TABLE 2

Summary of Recommendations

Recommendation	Summary
1	• Microdosing can be used to confirm target specificity but is insufficient for intraoperative imaging.
2	• It is currently unclear if the device and the drug product should be paired or general parameters for devices set for each drug product. Discussions during a pre-IND meeting or during a subsequent meeting with FDA (such an end of phase 2 meeting) should address combination product development considerations. However, it is preferable for device manufacturers to seek marketing approval without restriction of the device to any specific optical imaging agent if the device can successfully image more than 1 fluorophore within the device’s excitation/emission spectrum.
3	• Dose- and time-ranging studies should be performed in phase I clinical trial setting. A dose-escalation study designed to detect optimal imaging contrast during surgery as well as safety is generally preferred over a trial design or dosing schedule intended solely to assess imaging agent safety.

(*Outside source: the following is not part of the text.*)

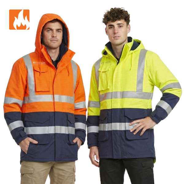 This Syzmik Jacket is made from a waterproof polyester oxford, carbon fibre outer with an FR ARC rated finish. It is fully seam-sealed and has a waterproof rating of 5,000mm. The jacket also features a heat-resistant FR Zip and a warm Modacylic/Cotton FR lining. It has two covered waist pockets with FR closure.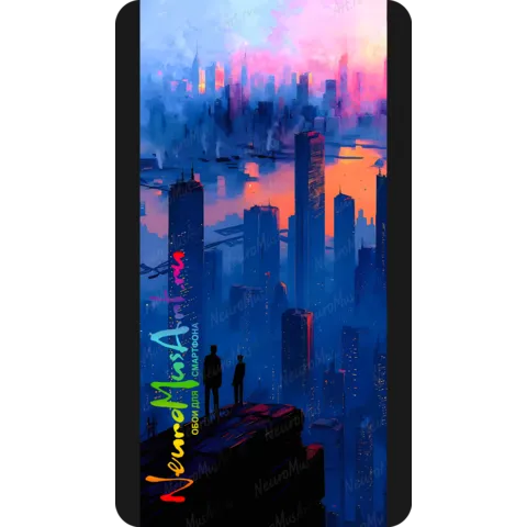 Яркие обои для смартфона в UHD 4K качестве с видом на величественный город в свете заката. Атмосфера вдохновения и стремления вперёд. Vivid UHD 4K smartphone wallpaper depicting a majestic city glowing in sunset light. An atmosphere of inspiration and ambition.

4	• Considering the multiple indications optical imaging agents may ultimately be approved for, the common verification for a cancer indication should be demonstration that the imaging successfully delineates normal from abnormal tissue. There is a consensus that a standard methodology should be introduced to accomplish the correlation of fluorescence with the presence of tumor.
5	• The general consensus is that in order for optically guided surgery to advance to routine clinical use, there must be a widely adopted methodology for fluorescence assessment. This degree of standardized and objective assessment will be helpful for regulatory approval to critically demonstrate the ability of the technique to provide disease-specific contrast.
6	• Acceptable toxicity for optical contrast agents for oncologic surgery should be between diagnostic and therapeutic agents.
7	• Grade 2 toxicity in 20% of the population is an acceptable threshold as a dose limiting toxicity.